About once a year I discover that I know nothing about digital video and that it hates me.

Wendy M Grossman

The story goes like this: Wimbledon arrives. The day before, I suddenly remember that there are all these digital channels I might want to look at - a few years ago, the BBC announced it would broadcast live coverage of your choice of six courts on its interactive service. I haul out the Freeview box that Hauppauge loaned me a year or two back.
The Freeview box receives digital terrestrial television, which I think doesn't give quite as much fanciness as some of the other digital options (cable, Sky), but at least gives me a couple of extra courts to choose from. In widescreen. (It turns out that tennis fits 16:9 a lot better than 4:3, especially doubles.)

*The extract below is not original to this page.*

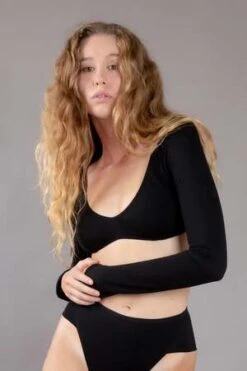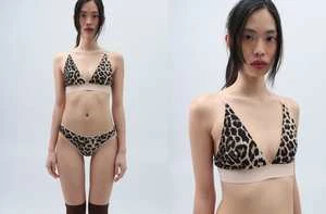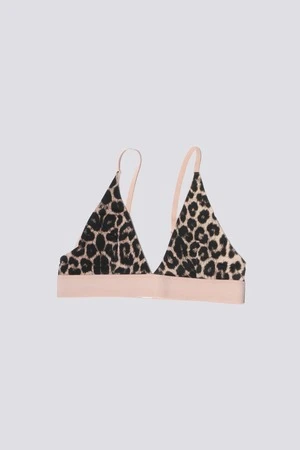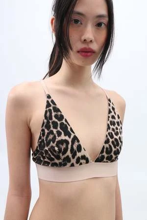 Triangle bra with darts at the chest for perfect coverage. Thin adjustable straps and thick elastic trim hem. Self-lined. Best suited for medium and small bust. Worn with matching Spring Leopard Bell Pant.

American readers may be confused by all this, and I wouldn't blame them. Acquiring anything to do with television in the UK is such an arcane process that to a foreign eye like mine it seems clear that the idea is to punish anyone who commits the sin of wanting to watch. Suffice it to say that the traditional broadcast channels are broadcasting in both analogue and digital, and if you have the right set-top box you can receive the digital channels on an ordinary TV set. Or, in my case, via a TV capture card (again a Hauppauge) in my PC. This includes a crash-prone piece of software that lets you watch TV on the PC and record the stream if you want to, which presumably will lift Hauppauge to the top of the list to be sued if the INDUCE Act becomes law. Because, really, how many channels can you watch at once?

Which is where the trouble starts. I always think digital video is going to be like digital music. If I download or create an MP3 or WAV it is an utterly trivial matter to find a bit software that will chop it in two, join a couple of segments, or let me chop out a few unwanted blank seconds. Even Nero, the CD and DVD burning software that came with my various recordable drives, has enough of an editor to do that. But not for video. And a day or two into the tournament what I have is a 5.2Gb video file I'd like to chop up and cut some bits out of so I can stick it on a DVD to review later.

The Hauppauge tuner card includes something it claims is some kind of editor ("Nanopeg" – what's "nano" about it?) for video files, but I can no more understand its user interface than I can volley like Martina Navratilova. A piece of Sonic software came with the DVD writer, and that also purports to edit video. I'm sure it does. I'm sure if I were more adequately witted I could even figure out how it does it. But every time I try to do anything it asks me if I want to save my "project". What project? I have a piece of video, and I'd like it to be two pieces of video. When I want to knock a chunk off the end of an MP3 no one talks to me about "projects". They say, "Click here" and next thing I know I have two MP3s.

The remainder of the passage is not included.